- SOURCE DATA
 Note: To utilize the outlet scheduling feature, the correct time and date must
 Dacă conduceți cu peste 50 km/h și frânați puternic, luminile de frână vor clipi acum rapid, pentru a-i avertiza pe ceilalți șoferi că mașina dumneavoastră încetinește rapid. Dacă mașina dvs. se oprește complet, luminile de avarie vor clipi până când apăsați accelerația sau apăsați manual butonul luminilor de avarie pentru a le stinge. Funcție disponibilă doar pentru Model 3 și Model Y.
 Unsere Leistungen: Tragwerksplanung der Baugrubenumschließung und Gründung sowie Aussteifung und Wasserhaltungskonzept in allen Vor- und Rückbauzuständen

...

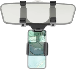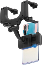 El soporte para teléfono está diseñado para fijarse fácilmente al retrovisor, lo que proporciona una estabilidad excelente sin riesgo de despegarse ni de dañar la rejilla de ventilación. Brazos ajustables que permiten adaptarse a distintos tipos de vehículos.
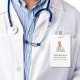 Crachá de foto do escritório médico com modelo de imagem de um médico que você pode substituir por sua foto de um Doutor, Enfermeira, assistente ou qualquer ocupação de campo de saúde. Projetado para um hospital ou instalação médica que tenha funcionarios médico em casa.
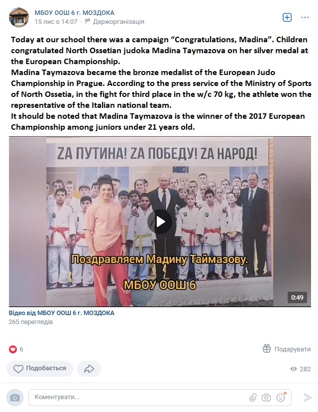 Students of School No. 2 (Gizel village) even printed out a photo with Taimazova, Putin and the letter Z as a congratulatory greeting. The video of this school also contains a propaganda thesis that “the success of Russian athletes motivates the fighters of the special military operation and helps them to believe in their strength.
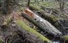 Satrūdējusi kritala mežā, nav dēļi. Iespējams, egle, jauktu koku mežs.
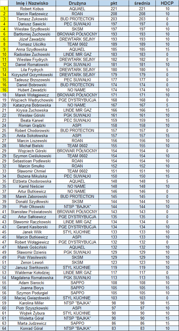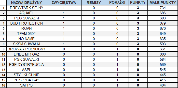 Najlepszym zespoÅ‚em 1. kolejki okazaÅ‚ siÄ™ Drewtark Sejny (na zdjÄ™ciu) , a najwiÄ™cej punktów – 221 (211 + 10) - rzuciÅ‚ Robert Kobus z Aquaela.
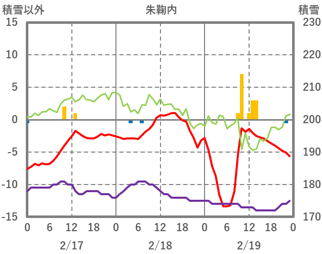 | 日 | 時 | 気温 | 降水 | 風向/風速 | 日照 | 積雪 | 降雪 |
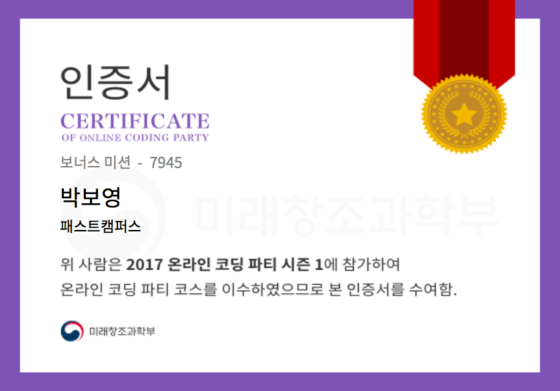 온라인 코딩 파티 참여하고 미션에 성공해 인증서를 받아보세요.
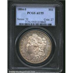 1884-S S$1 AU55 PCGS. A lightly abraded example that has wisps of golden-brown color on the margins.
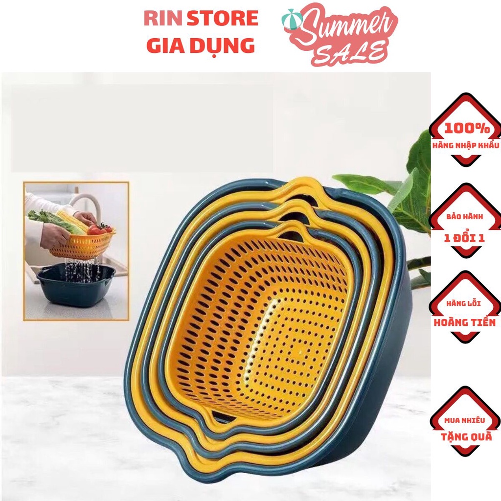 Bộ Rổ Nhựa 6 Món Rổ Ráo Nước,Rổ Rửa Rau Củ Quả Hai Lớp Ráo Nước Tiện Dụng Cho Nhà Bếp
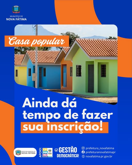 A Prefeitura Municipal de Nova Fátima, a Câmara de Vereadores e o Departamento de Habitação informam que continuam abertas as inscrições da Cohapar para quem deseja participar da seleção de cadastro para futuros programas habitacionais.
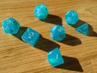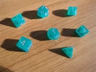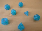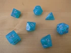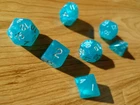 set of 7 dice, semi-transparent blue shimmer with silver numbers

- WORK INSTRUCTIONS
Above, find the line holding "Students of School" and the line holding "set of 7 dice, semi-transparent". Print exactly those two lines and every line between them, but no pictures.

- RESPONSE TO THIS EXERCISE
 Students of School No. 2 (Gizel village) even printed out a photo with Taimazova, Putin and the letter Z as a congratulatory greeting. The video of this school also contains a propaganda thesis that “the success of Russian athletes motivates the fighters of the special military operation and helps them to believe in their strength.
 Satrūdējusi kritala mežā, nav dēļi. Iespējams, egle, jauktu koku mežs.
 Najlepszym zespoÅ‚em 1. kolejki okazaÅ‚ siÄ™ Drewtark Sejny (na zdjÄ™ciu) , a najwiÄ™cej punktów – 221 (211 + 10) - rzuciÅ‚ Robert Kobus z Aquaela.
 | 日 | 時 | 気温 | 降水 | 風向/風速 | 日照 | 積雪 | 降雪 |
 온라인 코딩 파티 참여하고 미션에 성공해 인증서를 받아보세요.
 1884-S S$1 AU55 PCGS. A lightly abraded example that has wisps of golden-brown color on the margins.
 Bộ Rổ Nhựa 6 Món Rổ Ráo Nước,Rổ Rửa Rau Củ Quả Hai Lớp Ráo Nước Tiện Dụng Cho Nhà Bếp
 A Prefeitura Municipal de Nova Fátima, a Câmara de Vereadores e o Departamento de Habitação informam que continuam abertas as inscrições da Cohapar para quem deseja participar da seleção de cadastro para futuros programas habitacionais.
 set of 7 dice, semi-transparent blue shimmer with silver numbers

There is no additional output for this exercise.